Well I have used it for some not-so-typical Haskell tasks:

- An installer (command line) for some other software in C++ (unpacking,
installing COTS libraries, installing and setting up MySQL on different
machines including replication, setting up and installing the software
and also apply updates to it)
- A satellite simulator for testing mission control systems. It's very
basic but it can handle telecommands and arbitrary telemetry (definable
with a DSL which is loaded and interpreted at runtime), as well as basic
ground station routing messages, on-board queue simulation, on-board
software upload/download simulation and also some statistics about sent
telecommands. I actually used it for some telecommand performance
measurements for a real mission control system for an existing satellite
(which it simulated) as well as on debugging actions on the MCS. For me
the main point was to see if I could implement this functionality in
Haskell (there are other test-sims in C++ but with less functionality
and still a lot bigger in LOC). Due to the imperative nature and my
(ahem) limited abilities in Haskell the code is in parts very ugly, but
it grows and is refactored if I need new features. Currently if I have
time I am working on a GUI for it (otherwise it's just command line).

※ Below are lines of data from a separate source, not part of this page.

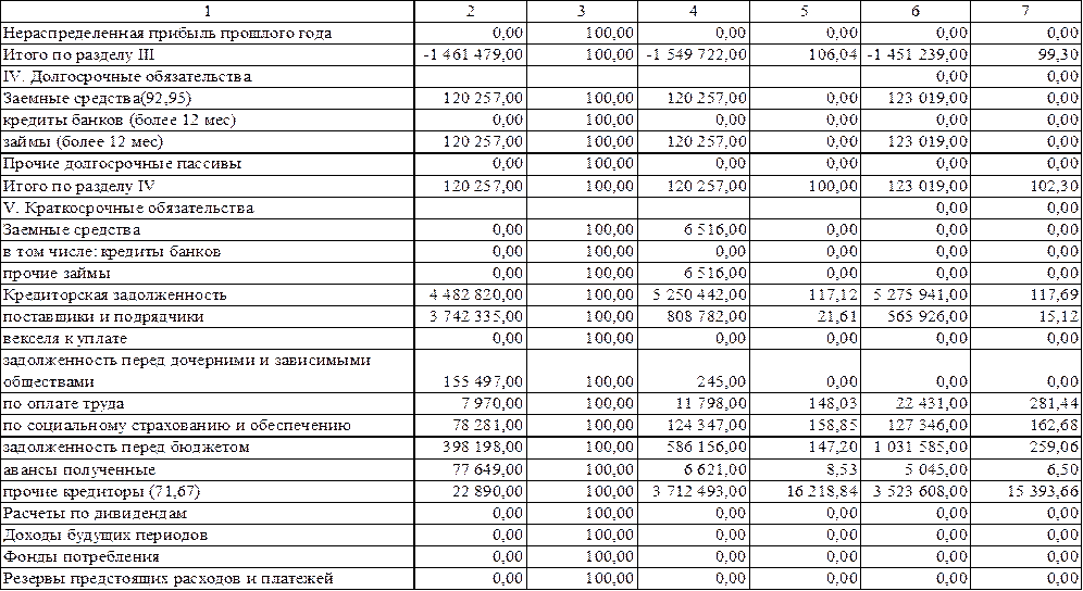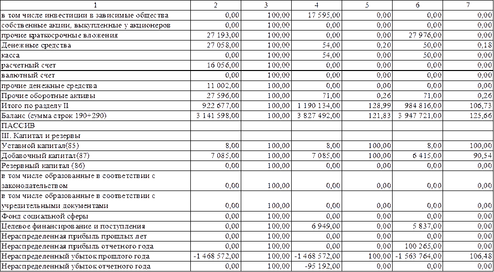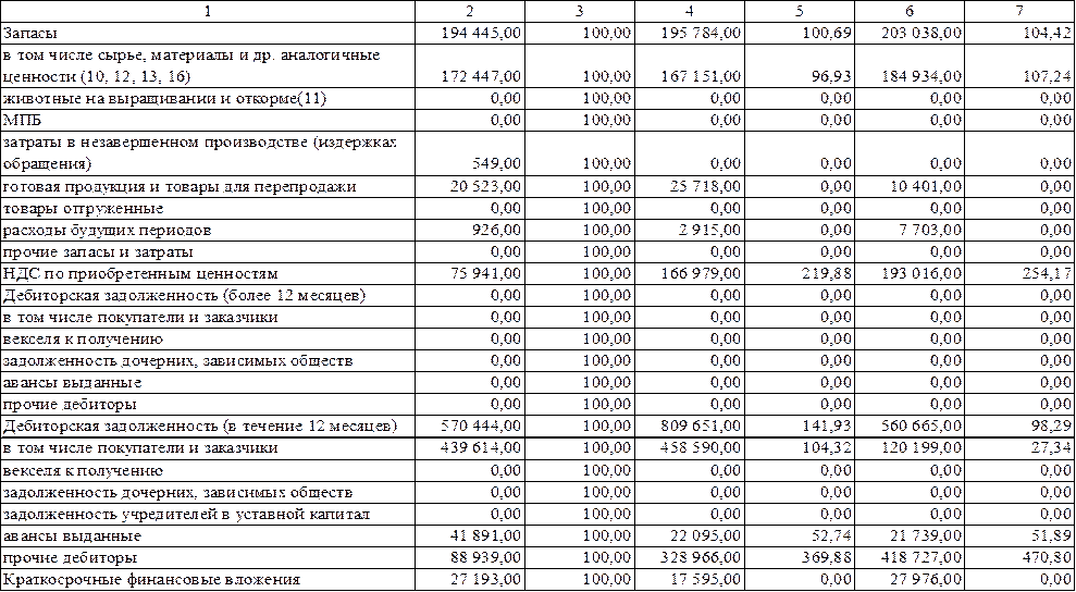 Данные горизонтального анализа по укрупненной номенклатуре статей сводятся в таблице 2.6 (баланс-нетто). В таблице 2.7 приводятся данные горизонтального анализа по исходному балансу (балансу-брутто). Данные по всем статьям базисного года n принимаются за 100%. На основе данных таблиц 3.6 и 3.7 делаются выводы о темпах изменения основных статей баланса и о главных причинах, обусловивших эти изменения.
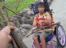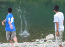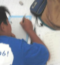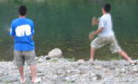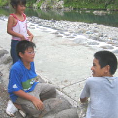 やっと川から あがって、子どもは宿題??すげー。宿題もってきちょる
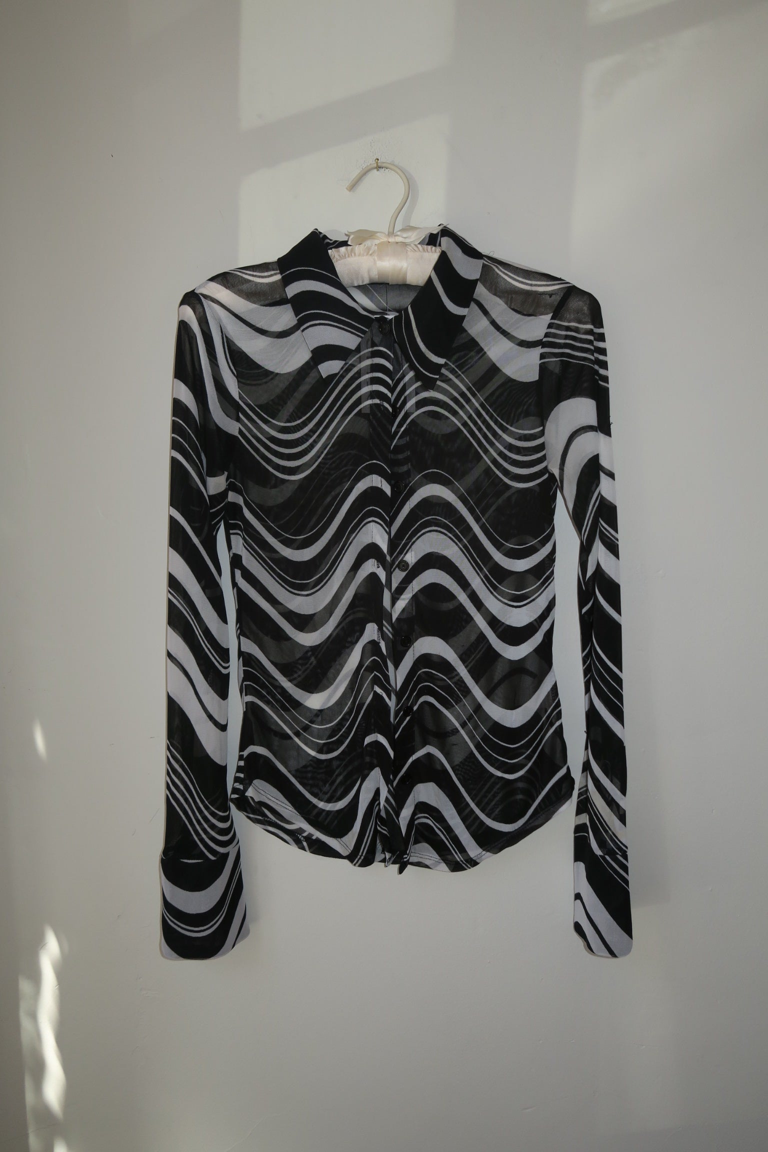 Black and White Swirl Sheer Button Up
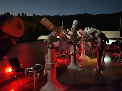 7時過ぎから、天体観測に出かけました。出かけたといっても、宿泊施設の屋上にある天体観測場です。
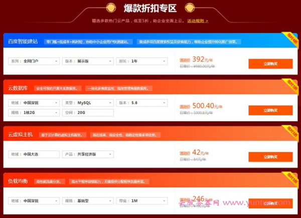 除了云服务器之外,云服务器、云数据库、云虚拟主机负载均衡、服务器托管全部5折,CDN加速包6折。
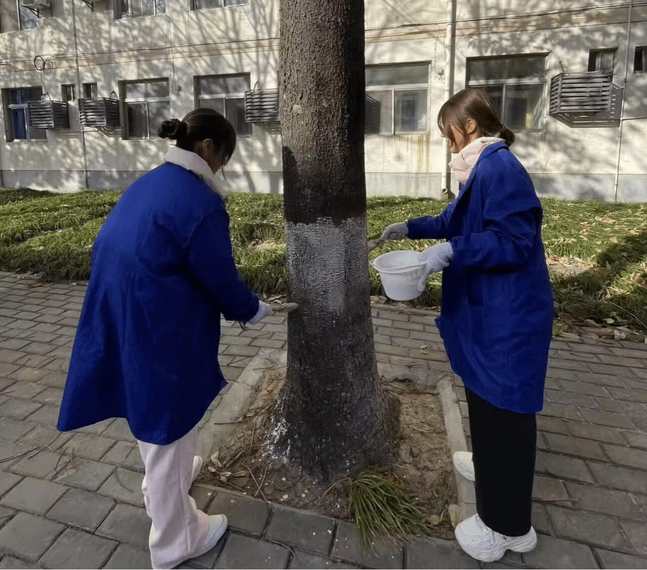 活动开展前,公司相关负责人从树木养护与生态保护的角度讲授了冬季树木病虫害防治知识和树木涂白技巧。同学们认真聆听、细心记录。实践环节,同学们将调好的环保防护漆均匀地涂刷在树干上,校园道路两旁的树木穿上了洁白的“防护衣”,成为校园中一道充满温情的风景线。
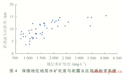 該區(qū)煤層氣井產(chǎn)出水礦化度總體較低,介于842~5072mg/L,平均為1750mg/L,總體變化趨勢由東向西、由南向北礦化度增加(圖2)。由于該區(qū)構(gòu)造為西傾單斜,地下水總體流向為由東向西,隨著距離露頭區(qū)距離的增加,地層水礦化度增高(圖4)。北部開發(fā)區(qū)距離補(bǔ)給區(qū)較遠(yuǎn),而南部距離補(bǔ)給區(qū)較近,因此,南部地層水礦化度小于北部,水動力條件南部較北部活躍。
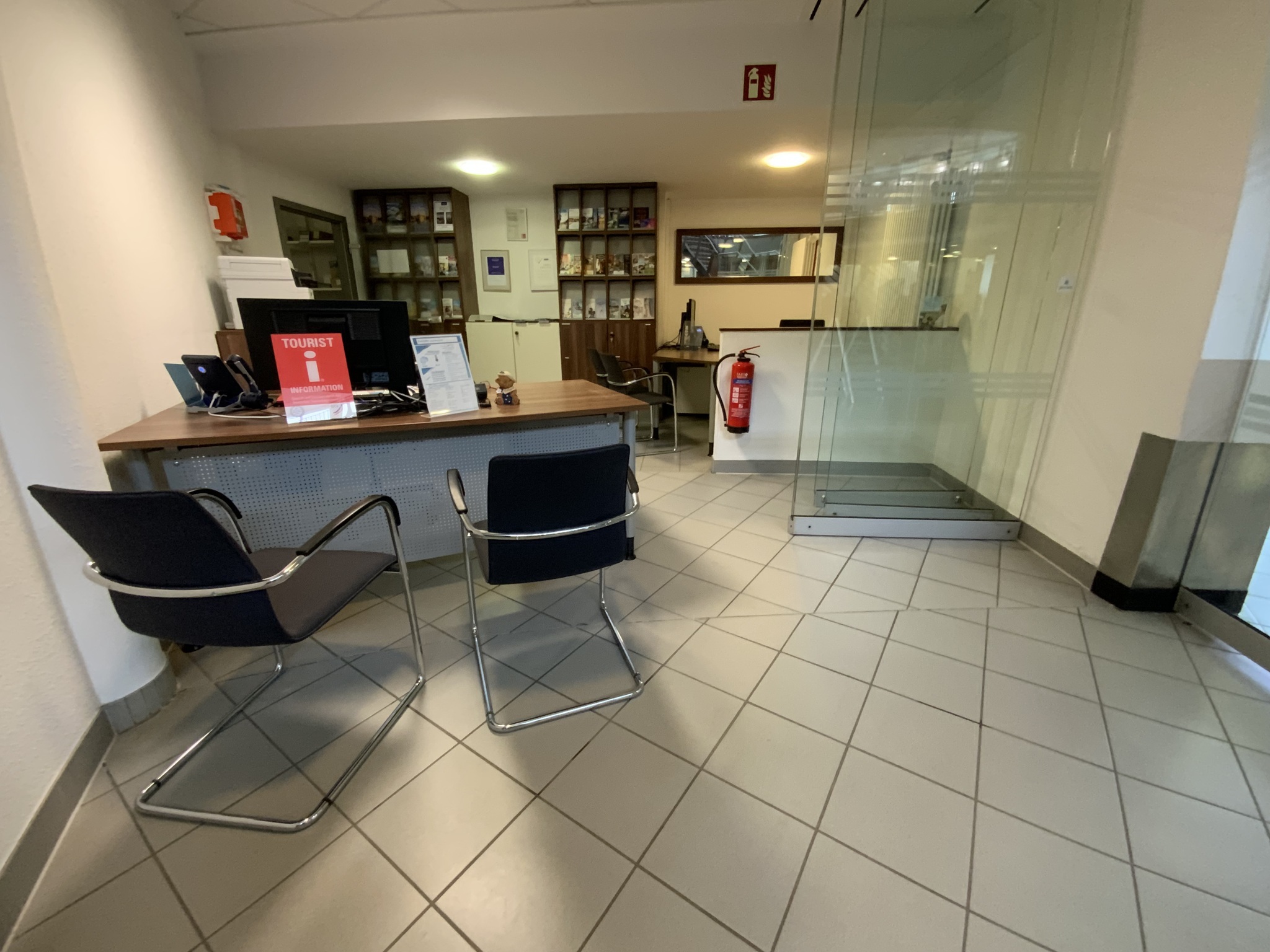 - Der Infocounter ist von der Eingangstür aus direkt sichtbar.
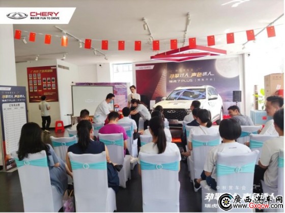 【廣西汽車(chē)網(wǎng) 南寧新聞】中秋送喜,瑞虎7PLUS相約。2021年9月19日,奇瑞廣西桂之瑞4S店于店內(nèi)舉行了瑞虎7PLUS中秋預(yù)售品鑒會(huì)。活動(dòng)現(xiàn)場(chǎng)貴賓滿座,凡進(jìn)店客戶均可領(lǐng)取佳節(jié)精美禮品,冷餐區(qū)還準(zhǔn)備了多款水果小吃供客戶享用。
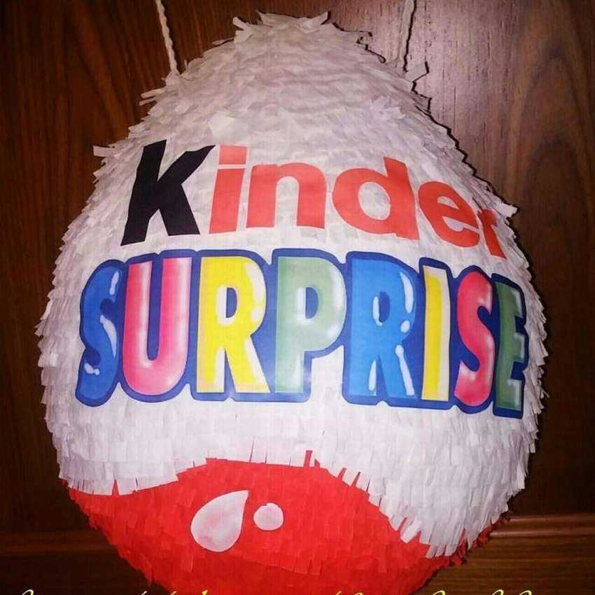 Пиньята – это игрушка с сюрпризом. Поэтому лучше всего ее изображать в виде шоколадного лакомства, которое подразумевает под собой сюрприз внутри. Любой ребенок будет просто в восторге. Представляем вашему вниманию 8 фото пиньят в виде киндер сюрприза своими руками.
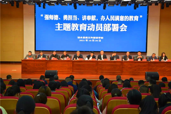 为贯彻落实县教育体育局《关于开展“强师德、勇担当、讲奉献,办人民满意的教育”主题教育活动的实施意见》和汤胜国局长讲话精神,进一步加强我校师德师风建设,提高教师职业道德修养,强化教师文明从教、规范执教、廉洁施教的职业意识,办好人民满意的教育,10月30日下午,淮文外国语学校召开“强师德、勇担当、讲奉献,办人民满意的教育”主题教育动员部署会。涟水县教育体育局钱承军主任、淮文外国语学校全体教师参加会议。会议由李文忠副校长主持。
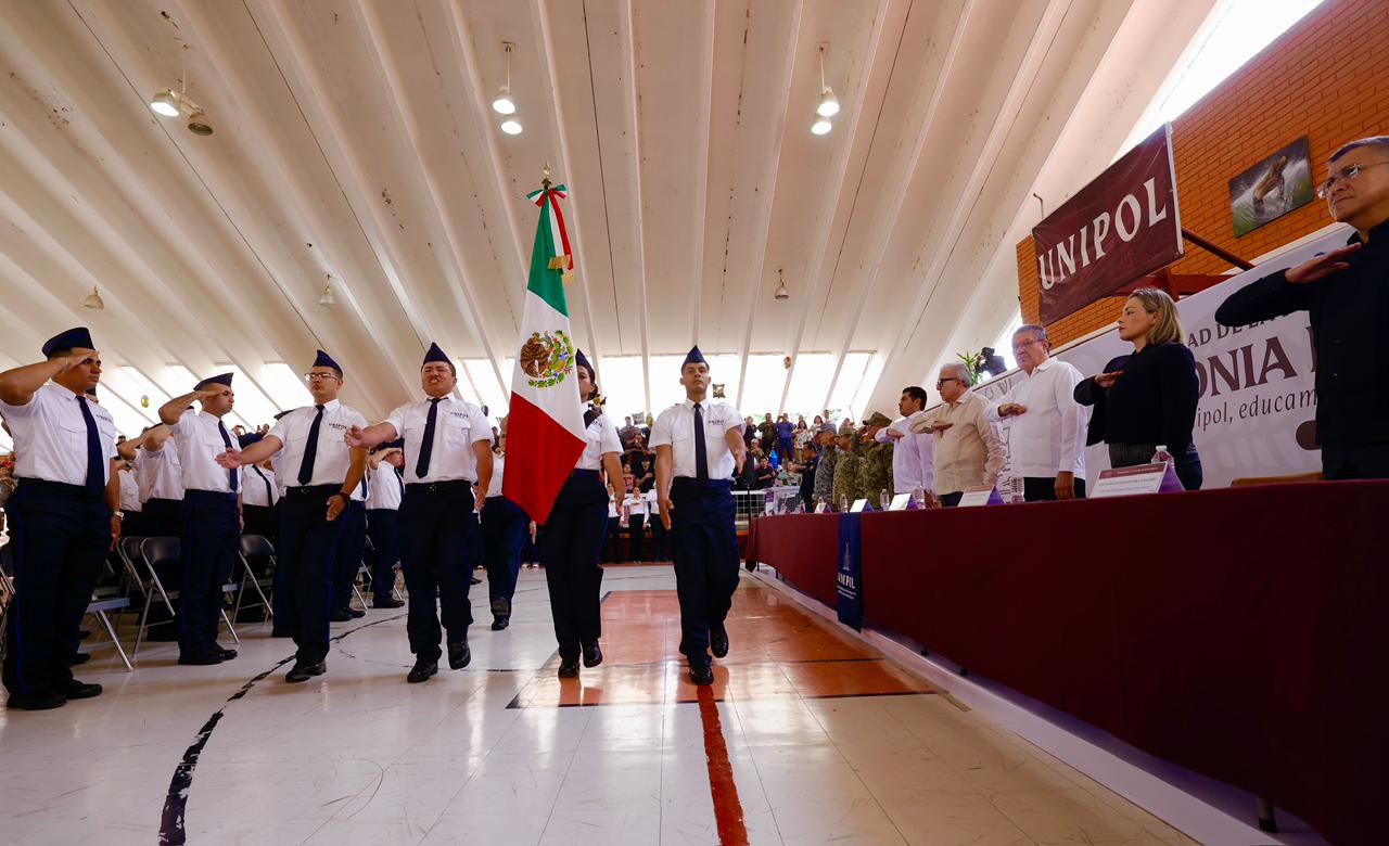 Quienes egresan como policías de proximidad estatal y municipal, asumen el compromiso de estar cerca de la gente, escuchar, prevenir y resolver conflictos con sensibilidad social, respeto a los derechos humanos y apego irrestricto a la ley. Su labor será el primer contacto entre el estado y el municipio con la ciudadanía. Sean el rostro cercano de la autoridad y de construir confianza con la población, de su actuar dependerá reforzar la certidumbre y cimentar comunidades más seguras y solidarias. A quienes se integran como policías penitenciarios, les corresponde una misión igualmente trascendental, garantizar la seguridad y gobernabilidad de los centros de reinserción social, velando por el orden, la legalidad y el respeto a la dignidad humana”, enfatizó el rector de la UNIPOL.
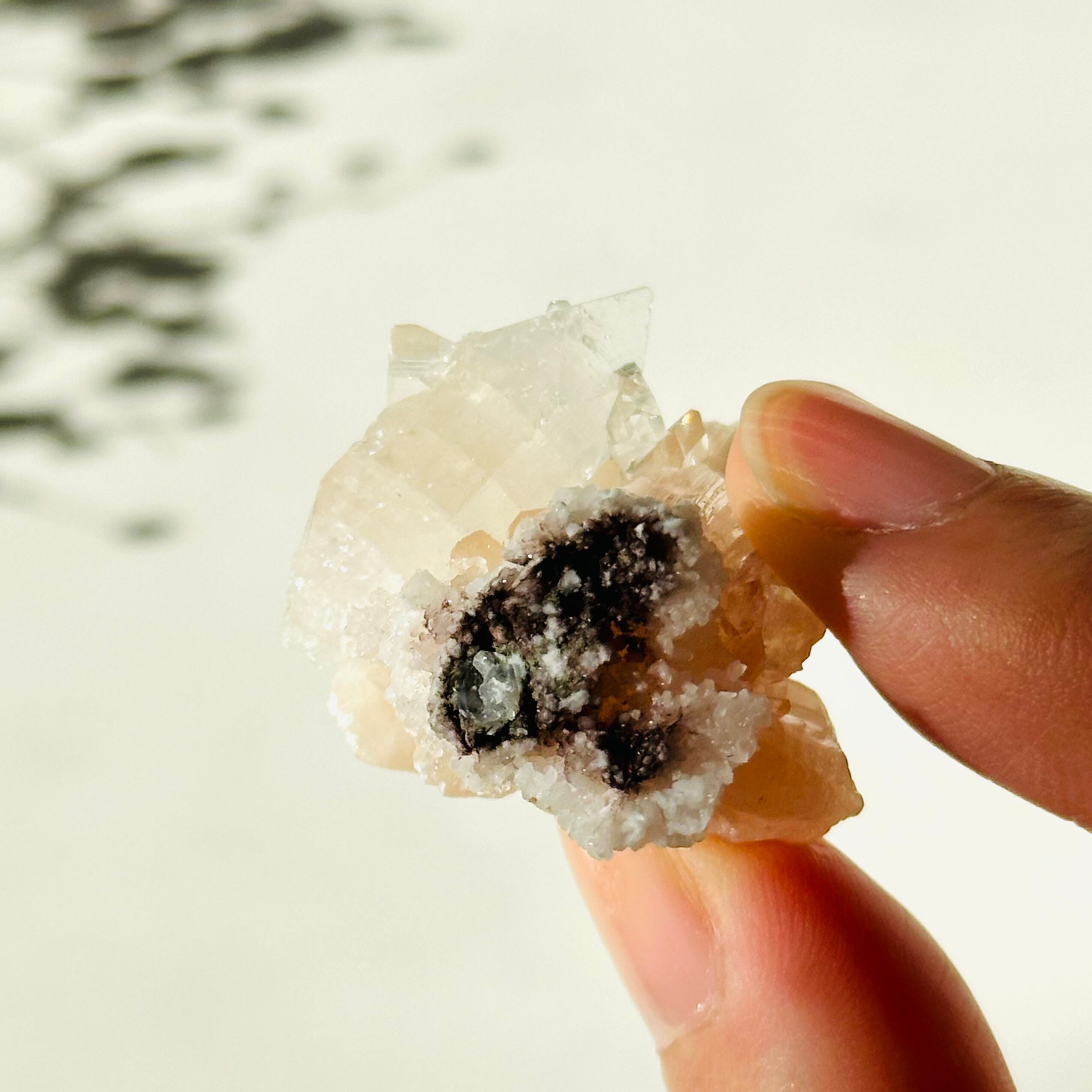 アポフィライトと共生しており、キラキラのアポフィライトとキラキラ光るシルクのように繊細な結晶のスティルバイトが組み合わさり、唯一無二の美しいクラスターです。ほんのりベージュピンク色のスティルバイトは見ているだけで優しく穏やかな気持ちになれるような気がします。
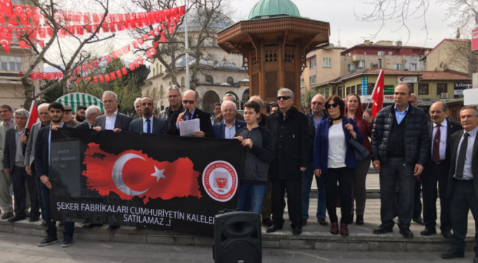 Atatürkçü Düşünce Derneği Bursa Şubesi'nin Şehreküstü Meydanı'ndaki eyleminde konuşan Şube Başkanı Nedret Yayla, AKP iktidarının özelleştirme adı altında Cumhuriyet'in ekonomik kazanımlarını elden çıkardığını belirterek, "AKP iktidarı bu kez 14 şeker fabrikasını feda ediyor. 3-18 Nisan 2018 tarihleri arasında yapılacak 3 grup ihale ile tarımsal sanayinin can damarı ile şeker pancarı üretiminin hayat damarları koparılırken, GDO'lu tatlandırıcı üreten emperyalist şirketlerin önü açılıyor." dedi.
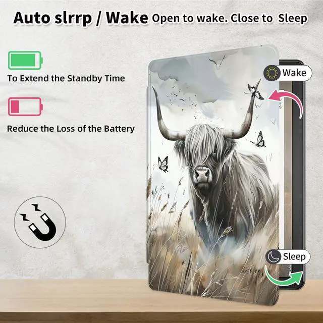 Automatic Sleep/Wake Function: Our Kindle fire 8 tablet 2022 case features an intelligent automatic sleep/wake function. When you close the cover, the tablet enters sleep mode automatically to conserve battery life. Opening the cover immediately wakes the device, providing you with an instant user experience ^^ Original Design with

- Various test programs to stimulate servers with input. Especially
encoding/decoding of various (binary) protocols is far much easier and
faster to write in Haskell.
- Various conversion tools. E.g. currently I have a tool in the pipe
(just in the beginning stage) to convert something like CSV output into
a OpenOffice Calc spreadsheet for further processing/graphing/whatever.
Also I'd like to have a kind of OpenDocument library to be able to
generate reports, so this is the next step then. Due to my very limited
time in the moment this is currently stalled.


For me it would also be quite interesting to have a working CORBA
implementation with Haskell (as we have some applications at work which
use it), but I seem to be the only one.